:: COLLECTED DATA ::
##########

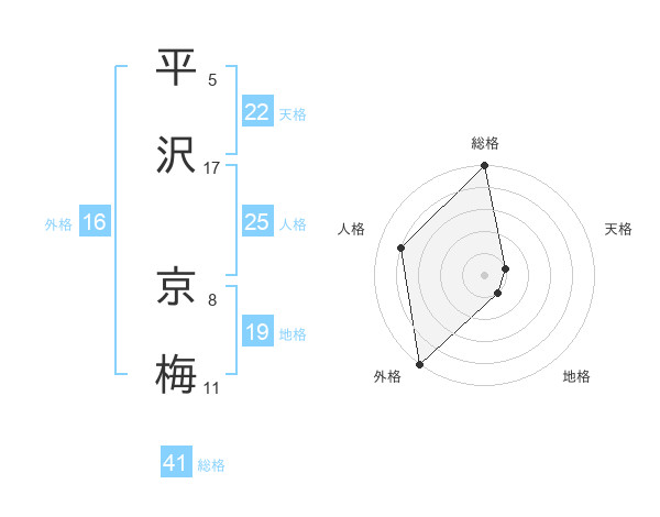 平沢 京梅さんの天格は22画の1点!
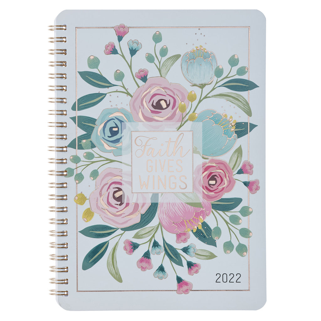 Face the triumphs and challenges each new year brings with the 2022 Faith Gives Wings Wirebound Daily Planner.
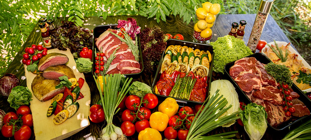 Buffetbestellung entspricht 300g Salat, 300g Grillgut, 200g Beilagen

##########

:: AIM OF THE TASK ::
Omit pictures and output the listing exactly.

:: SOLVED PROBLEM ::
 平沢 京梅さんの天格は22画の1点!
 Face the triumphs and challenges each new year brings with the 2022 Faith Gives Wings Wirebound Daily Planner.
 Buffetbestellung entspricht 300g Salat, 300g Grillgut, 200g Beilagen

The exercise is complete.